Now comes the most important part of the process: fleshing out your Google Ad Grants campaign. This includes completing the following sections:


When your nonprofit places its bid on your target keywords, you’re setting the maximum amount you’ll pay per click on your ad. While placing your bids, keep these caveats in mind:

  • Google’s manual bid limit. Your nonprofit can bid up to $2 per click on your keywords. This limit is in place to prevent auction inflation so that nonprofits can yield the max ROI for their campaign.
  • Ad quality. When users search for keywords that multiple nonprofits have targeted, Google decides which nonprofit will win the auction by your nonprofit’s Quality Score. This is calculated by factors such as your website’s relevance, page speed, and expected click-through rate.
  • Daily budget. Google Ad Grants recipients have a daily spending budget of $329, which equates to about $10,000 per month, so your nonprofit doesn’t exhaust your awarded funds too quickly. 

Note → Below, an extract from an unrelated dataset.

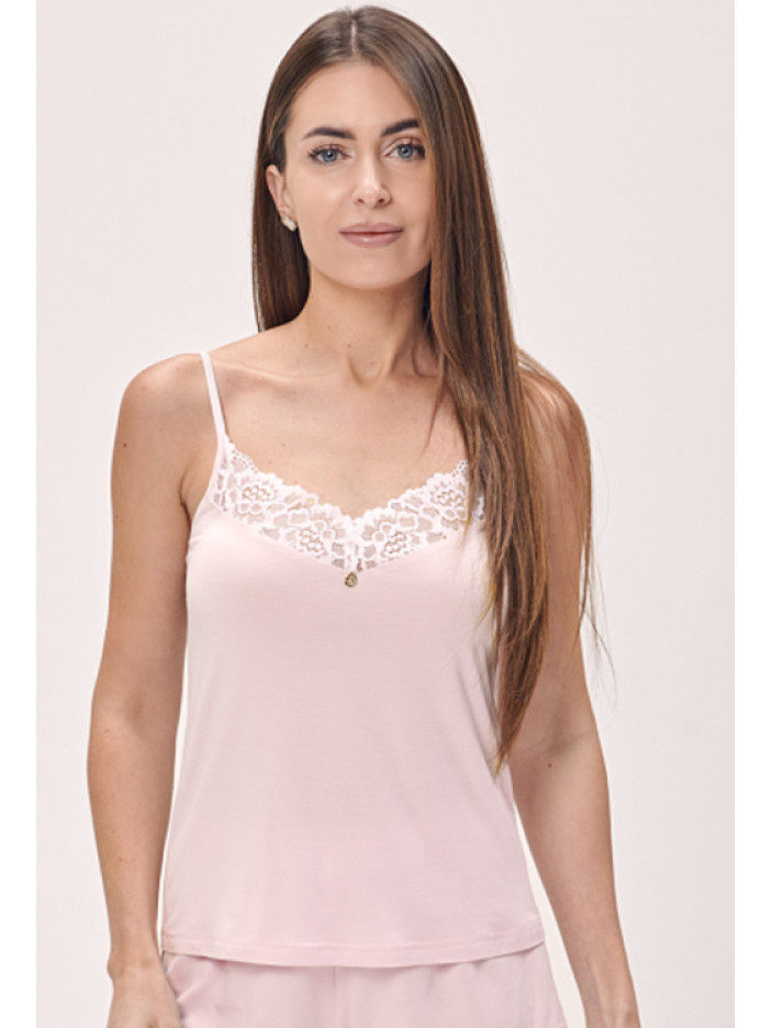 Женская пижама с шортами Shato 2437 в цвете пудра изготовленная из мягкой вискозы. В комплект входит майка черного цвета на тонких регулируемых бретелях, область декольте украшена кружевом и маленькой подвеской, шорты на резинке, края также декорированы кружевом.

These are the most important features to keep in mind when placing bids but keep in mind that every nonprofit Google Ad Grants recipient is different and should account for different caveats. 

Campaign Settings

You can include your ads in both the search network and the display network. Search ads are designed to show ads to users who are actively searching for related keywords, whereas display ads are designed to create brand awareness earlier in the sales funnel. We recommend just including the search network, as the display network can sometimes include irrelevant websites. 

Keywords and ads

In this section, Google Ad Grants can populate keyword suggestions based on your URL or product pages, or you can input them yourself. After you’ve added your keywords, you’ll type your ad copy. Ensure you include the URL that you want the user to go to and input as many headlines and description lines as you can. Google Ad Grants will populate a preview of the ad when you’re finished, as well as an ad strength score to help you determine if you should make adjustments.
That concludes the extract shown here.